Reputation: 79
I am trying to develop an application to retrieve stock prices (in JSON) and then do some analysis on them. My problem is with getting the JSON response into a pandas DataFrame where I can work. Here is my code:
'''
References
http://stackoverflow.com/questions/6862770/python-3-let-json-object- accept-bytes-or-let-urlopen-output-strings
'''
import json
import pandas as pd
from urllib.request import urlopen
#set API call
url = "https://www.quandl.com/api/v3/datasets/WIKI/AAPL.json?start_date=2017-01-01&end_date=2017-01-31"
#make call and receive response
response = urlopen(url).read().decode('utf8')
dataresponse = json.loads(response)
#check incoming
#print(dataresponse)
df = pd.read_json(dataresponse)
print(df)
The application errors at df = pd.read_json...
with error TypeError: Expected String or Unicode.
So I reckon this is the first hurdle.
The second is getting where I need to.
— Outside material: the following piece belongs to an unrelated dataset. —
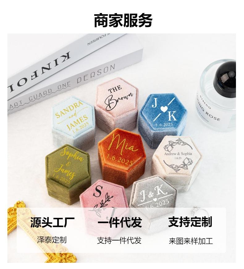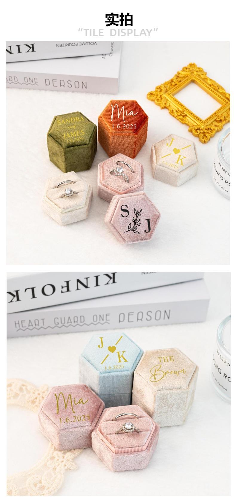 Caja de joyería transfronteriza caja de embalaje de alta gama caja hexagonal para anillos aretes de botón de alta gama caja de regalo para joyas de doble anillo
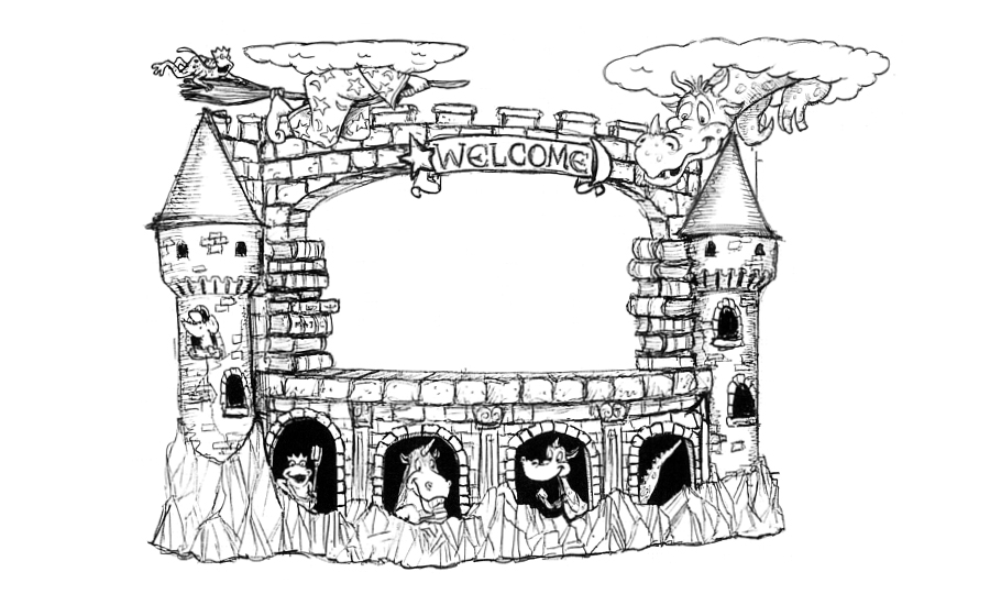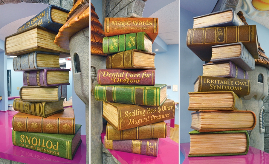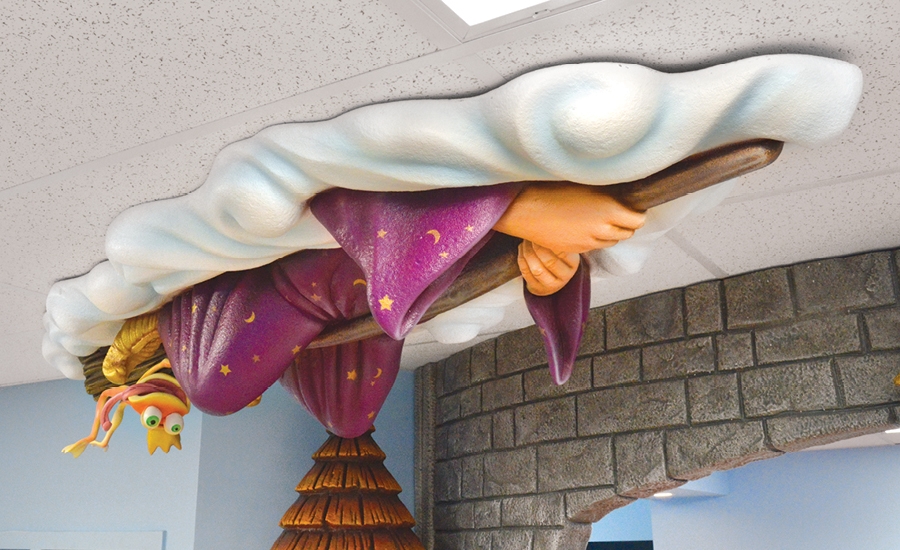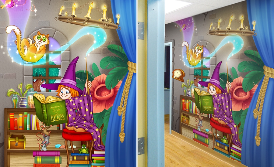 Step into a magical world with surprises around every corner. The reception desk, designed to look like a rocky castle, starts the show. The desk is flanked by a flying wizard and dragon – a cool twist on ceiling decor. As always the small touches make the 3D elements so much fun, like the frog prince who isn’t enjoying the ride on the end of the wizard’s broom.

The JSON response contains only two arrays I am interested in, column_names
and data
. How do I extract only these two and put into a pandas DataFrame?
Upvotes: 1
Views: 2377
Reputation: 16251
To answer your first question, pd.read_json
takes a JSON string directly, so you should be doing this:
pd.read_json(response)
But instead, considering how the data is structured, it's best to first convert the JSON string to a dictionary containing the data:
d = json.loads(response)
Then simply build the dataframe from d['dataset']['data']
and d['dataset']['column_names']
:
pd.DataFrame(data=d['dataset']['data'], columns=d['dataset']['column_names'])
Upvotes: 5